I’m not sure why anybody should consider this liar to be in charge of a country. For weeks, he has been saying he is trying with all his might to get a Brexit deal. Before Monday, the EU negotiators said they hadn’t heard from him. No surprise, but I find it odd that the media don’t shout this from the rooftops. 

Farage was once asked how many countries trade only on WTO rules. He couldn’t name one. The world runs on trade deals. The EU is one of the strongest negotiators in trade deals, that can often take years to negotiate. A no deal will cause chaos. 

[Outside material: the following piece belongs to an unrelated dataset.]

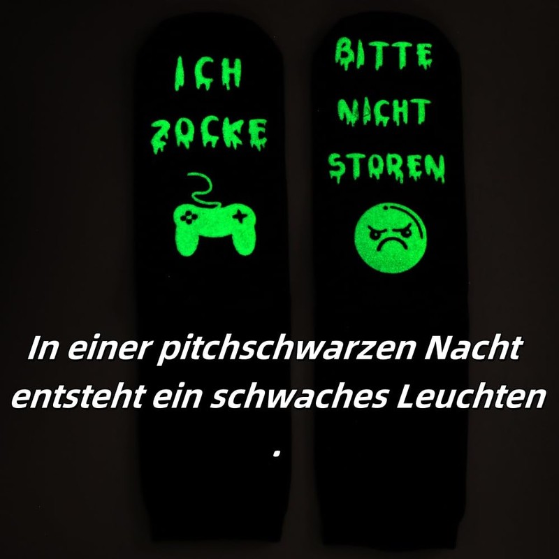 NxnChc Funny Gaming Socks with Saying "Bitte NICHT STÖREN ICH ZOCKE: Ideal Gifts for Men, Boys, Teenagers and Children for Easter, Birthday and Valentine's Day, White, Colourful, Green, Luminescent

And you know what? It won’t make much difference to me, I can afford food price rises, fuel cost rises don’t bother me. It’s only the poor and the employed who will suffer. The same applies to Boris and his pals. They don’t care about the well being of the ordinary people. I do.


----------



## MikeyBikey (Sep 19, 2019)

I am puzzled why he thinks he can dictate to 27 other countries and the comments from other leaders confirm this. The fact that one of his ministers (Gobe?) brought WWII into it shows how low he and his cronies are prepared to sink! They are detached from the real world where supply of medications and cost of fresh food are real concerns.


----------



## MikeyBikey (Oct 1, 2019)

Now an alternative to a hard border in Northern Ireland he is proposing two ten miles apart - a sort of No Man's Land! Stupidest idea of the week!


----------



## MikeyBikey (Oct 2, 2019)

MikeyBikey said:


> Now an alternative to a hard border in Northern Ireland he is proposing two ten miles apart - a sort of No Man's Land! Stupidest idea of the week!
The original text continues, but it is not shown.